Press Release


Jan 28, 2024 12:00 EST

The entire day was accompanied by heavy security for the museum and the youth who visited the site, after the museum had been closed to the general public since the Hamas attack on Israel on October 7 due to concerns for the safety of visitors and the local Jewish community.

The Holocaust Museum in the northern city of Porto, Portugal, marked International Holocaust Remembrance Day last Friday by hosting some 2,000 middle- and high-school students from schools all over the country. The ceremony was brought forward by one day from the date set in 2005 by the UN General Assembly as the International Day of Remembrance for the six million Jews murdered by the Nazis between 1938 and 1945.

The entire day was accompanied by heavy security for the museum and the youth who visited the site, after the museum had been closed to the general public since the Hamas attack on Israel on October 7 due to concerns for the safety of visitors and the local Jewish community.

Museum staff prepared a program for the young visitors that included an introduction to the genocide perpetrated against the Jews of Europe during those years.

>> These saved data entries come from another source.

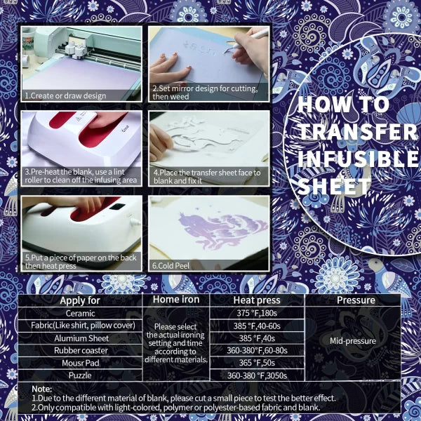 Mach deine DIY-Projekte noch lebendiger mit diesen hochwertigen Infusible Ink Transferfolien – perfekt für personalisierte T-Shirts, Tragetaschen, Untersetzer, Kissen und vieles mehr!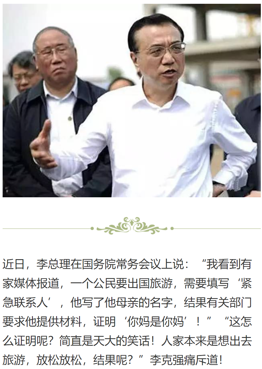 对于法律和权力的关系,他说“法无授权不可为”;对于法律和老百姓的关系,他说“法无禁止皆可为”。他为了提高行政效率,在全国推行“简政放权、放管结合、优化服务”的“放管服”改革,明确表示,全部取消非行政许可审批,老百姓办事最多跑一次,不再需要证明“我妈是我妈”,减轻了老百姓的负担。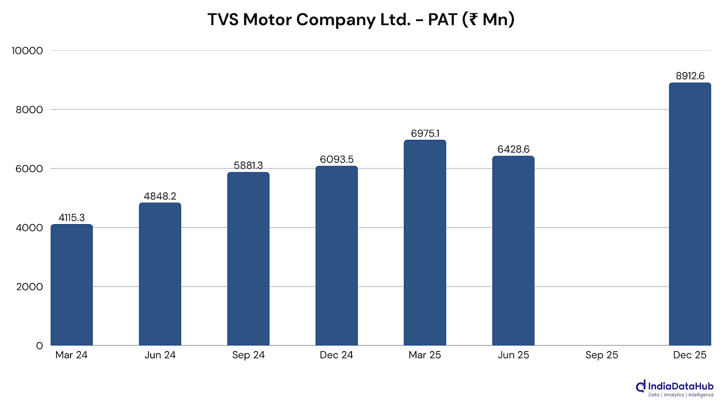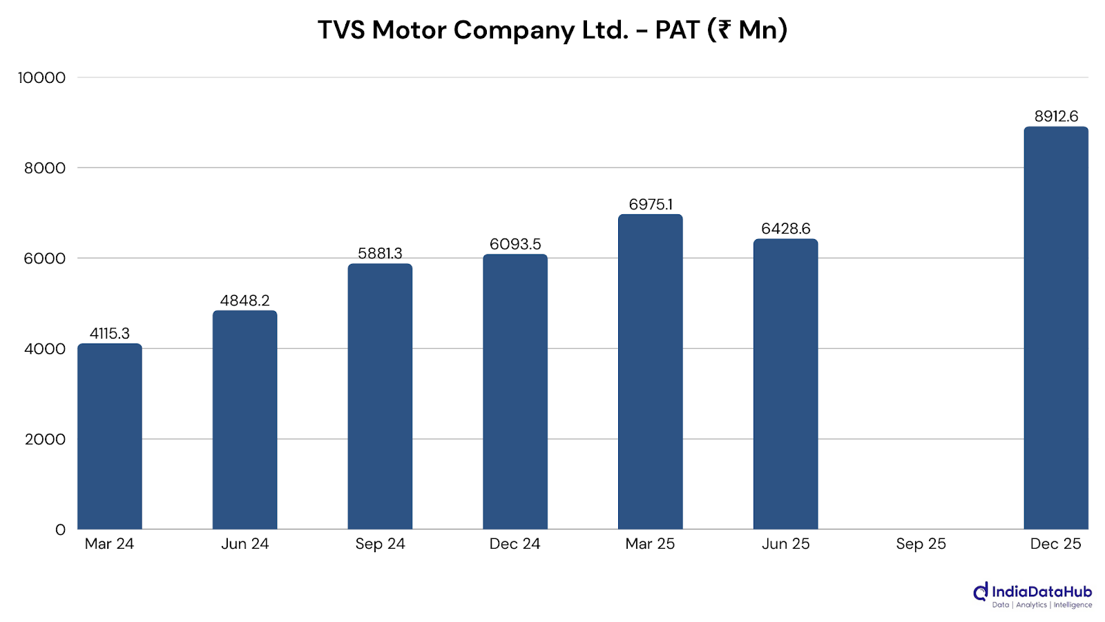 TVS Motor Company Ltd. (Consumer Discretionary): Revenue jumped 32.5% YoY to ₹147,555 mn and profit rose 46.3% to ₹8,913 mn, powered by record volumes, a sharp EV ramp, and strong exports. The margin lift suggests mix and operating leverage improved, not just unit growth.

Each school that participated in the day held its own memorial ceremony, which included lighting a memorial candle in the museum’s Names Room, a unique space documenting the names of tens of thousands of Jews murdered in the Holocaust. 

In the three years since its establishment, the Porto Holocaust Museum, the only one on the Iberian Peninsula, has hosted some 150,000 youth. Visitors to the museum learn about what happened before, during and after the Holocaust, and a visit to the precisely planned and designed space leaves a strong impression on the visitors. Among the exhibits at the site are a reproduction of sleeping cells from the Auschwitz death camp, artifacts and documents that belonged to survivors who fled the Nazis to Porto. 

“Every year, about 50,000 youth visit the museum from schools all over the country, a number that constitutes about 5% of all school children in the country. Here they communicate with us and we feel they understand and love us,” said Michael Rothwell, director of the Holocaust Museum whose grandparents were murdered in Auschwitz.